ASSIGNMENT: Print the data below verbatim, minus images.

EXCERPTED RECORDS:
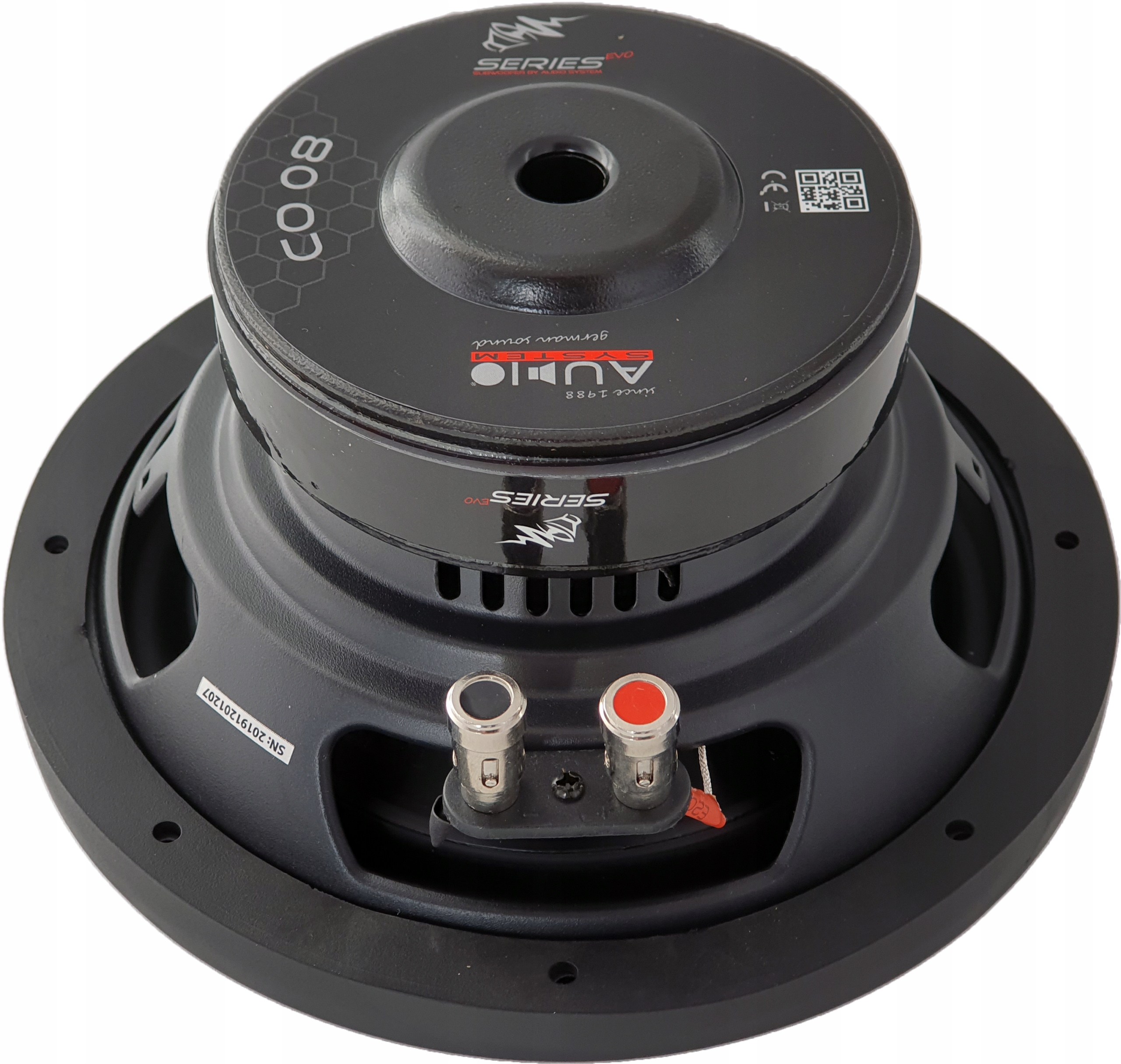 - Сабвуфер аудиосистемы CO 08 со среднеквадратической мощностью 180 Вт.
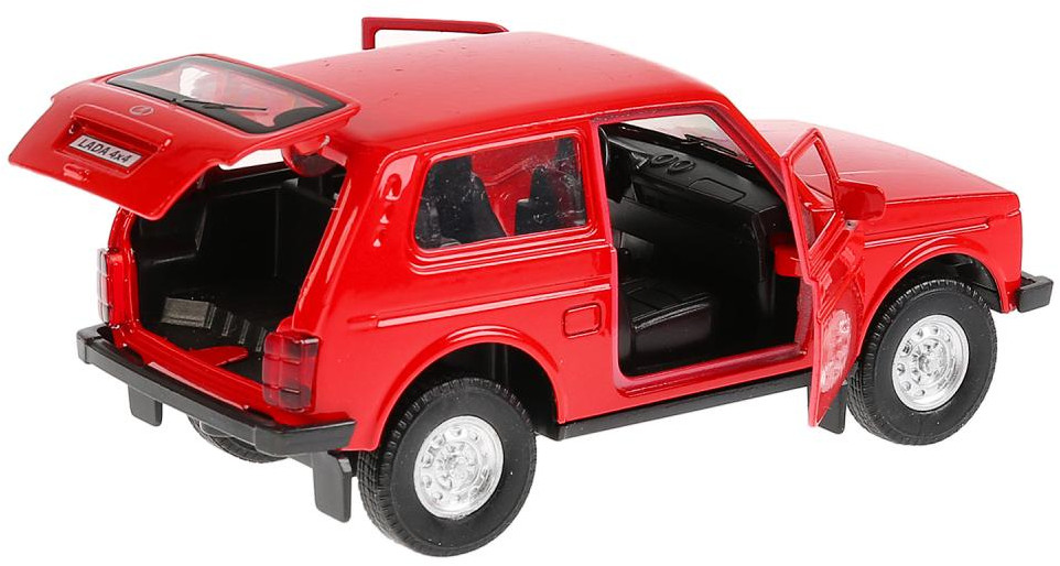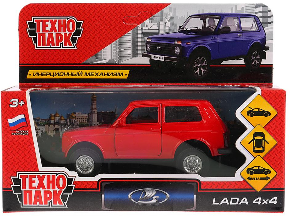 Металлическая машинка «Джип Lada 4x4» от торговой марки «Технопарк» представляет собой точную уменьшенную лицензионную копию своего оригинального прототипа, исполненную в красном цвете. Дети смогут рассмотреть все внешние особенности инерционной модели, открыть двери и багажник и весело проведут время, запуская ее по прямой траектории.
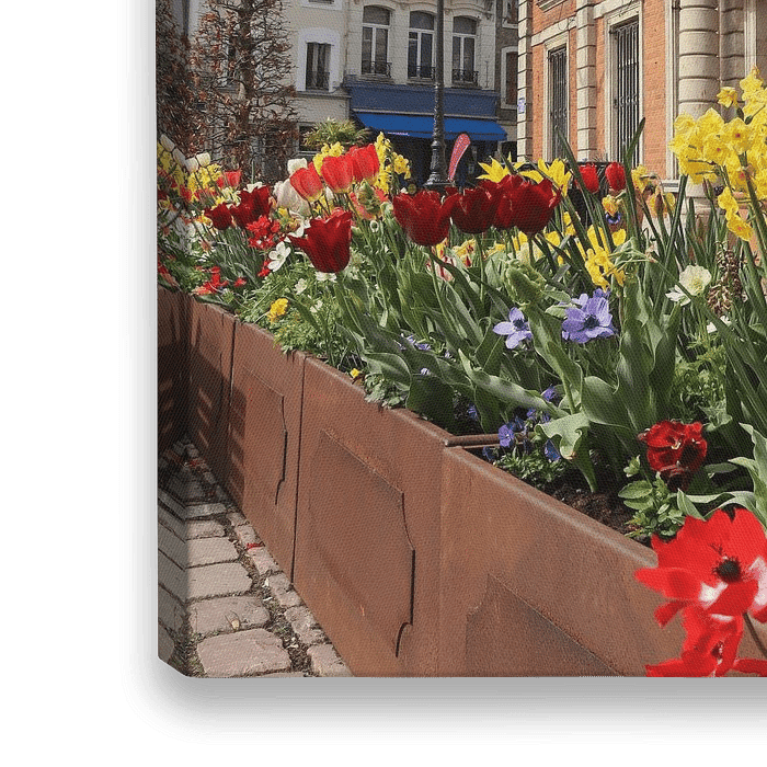 Kleurrijk lentegezicht op de efemere tuinen en het 18e-eeuwse stadhuis van Boulogne-sur-Mer, aan de prachtige Opaalkust van Noord-Frankrijk. Voorjaarsbollen van tulpen en narcissen bloeien op de voorgrond.
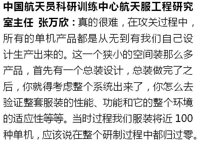 中国航天员科研训练中心航天服工程研究室主任 张万欣:他们试穿完了当时提出了三十几条意见建议,然后我们都逐条落实。其实最难改的就小型化。
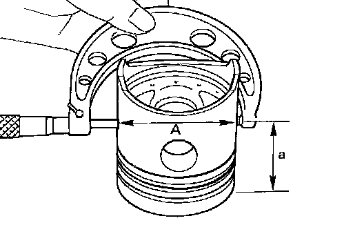 ^ Measure piston skirt diameter (A).

YOUR RESPONSE:
 - Сабвуфер аудиосистемы CO 08 со среднеквадратической мощностью 180 Вт.
 Металлическая машинка «Джип Lada 4x4» от торговой марки «Технопарк» представляет собой точную уменьшенную лицензионную копию своего оригинального прототипа, исполненную в красном цвете. Дети смогут рассмотреть все внешние особенности инерционной модели, открыть двери и багажник и весело проведут время, запуская ее по прямой траектории.
 Kleurrijk lentegezicht op de efemere tuinen en het 18e-eeuwse stadhuis van Boulogne-sur-Mer, aan de prachtige Opaalkust van Noord-Frankrijk. Voorjaarsbollen van tulpen en narcissen bloeien op de voorgrond.
 中国航天员科研训练中心航天服工程研究室主任 张万欣:他们试穿完了当时提出了三十几条意见建议,然后我们都逐条落实。其实最难改的就小型化。
 ^ Measure piston skirt diameter (A).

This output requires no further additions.